И тогда Груня, обессиленная, упала на жесткую, но полную тепла землю и, плача, прижалась к ней, как к материнской груди…
Глава третья
По ночам Груню одолевала странная и нелепая мысль: а вдруг выяснится, что никакой войны нет, что все всполошились зря, Родион вернется и осторожно стукнет в стекло?..
В горенке качался полумрак, бесшумно, как клубок дыма, полз по лавке кот, тяжелыми каплями падали в тишину удары ходиков.
Груня соскакивала с кровати, подходила к окну и долго глядела на затянутую мглой улицу.
Ветер безжалостно гнул в палисаде тоненькую рябинку, после каждого порыва она встряхивалась и выпрямлялась.
"Ой, не будет этого! Не будет! Разве такие ошибки бывают?" - Груня шла обратно к кровати и не закрывала глаз до утра, дожидаясь, когда сквозь щели ставней брызнет солнце.
Прибрав в доме, она ходила по горенке, озабоченно хмуря брови, будто забыла что-то очень важное, в оттого, что не могла вспомнить, еще больше мрачнела.

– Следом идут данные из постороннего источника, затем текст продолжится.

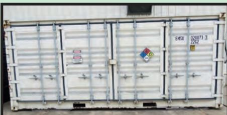
OPEN SIDE CONEX W/SIDE DOORS

И однажды, когда она так бесцельно расхаживала из угла в угол, прибежал Зорька - младший Родионов братишка:
- В правление тебя кличут…
- Зачем? - спросила Груня и покраснела: в такое трудное время она больше недели просидела лома.
Она торопливо вышагивала по улице, озабоченно вглядываясь в прохожих: была в их лицах непривычная тревожность и суровость.
"Будто подменили всех за неделю, - подумала Груня, и опять ей стало стыдно. - Война ведь идет! Как же это память у меня отшибло?"
Она робко поднялась на крыльцо правления колхоза. Половина в сенях скрипнула под ботинками, и Груня отдернула ногу, будто ступила в холодную воду, с минуту постояла в замешательстве: а вдруг здешний председатель грубо упрекнет ее за безделье? Тогда она ничего не сможет ответить ему, потому что больше всего обижало ее, когда на яге кричали.
Стоять в сенях было неловко: мог кто-нибудь выйти и спросить, что она тут делает.
"А будь, что будет!" - Груня рванула на себя дверь.
В правлении был только Гордей Ильич.
Он стоял у стены и глядел на барометр. Постучав пальцем по круглому прозрачному стеклу, он вздохнул и медленно повернулся к Груне.
- Здравствуй! Садись, - сказал он и, пройдя к массивному столу, покрытому зеленым сукном, уперся кулаками в толстую пластину стекла, литые кулаки отразились в ней. - Вот такие дела, Аграфена Николаевна…
- Какие? - почти не дыша, спросила Груня.
- Не знаешь разве? - в переносье Гордея врезалась глубокая зарубка морщины. - Враг на нас навалился всей своей силой и пока даже распрямиться нам не дает! - В голосе Чучаева слышались несдерживаемая ненависть и отчаяние человека, который бессилен чем-нибудь помочь в большой беде. - Что ты думаешь делать?
- Я? - захваченная врасплох переспросила Груня. - Не знаю…
- Как же это ты, а? - словно стыдясь за нее и сожалея о чем-то, сказал Гордей Ильич. - Разве твой Родион не знает, что ему теперь надо делать? - И вдруг тихо выдавил сквозь зубы: - Эх, мне бы туда сейчас!.. Я б за своих парней сполна им отсчитал!..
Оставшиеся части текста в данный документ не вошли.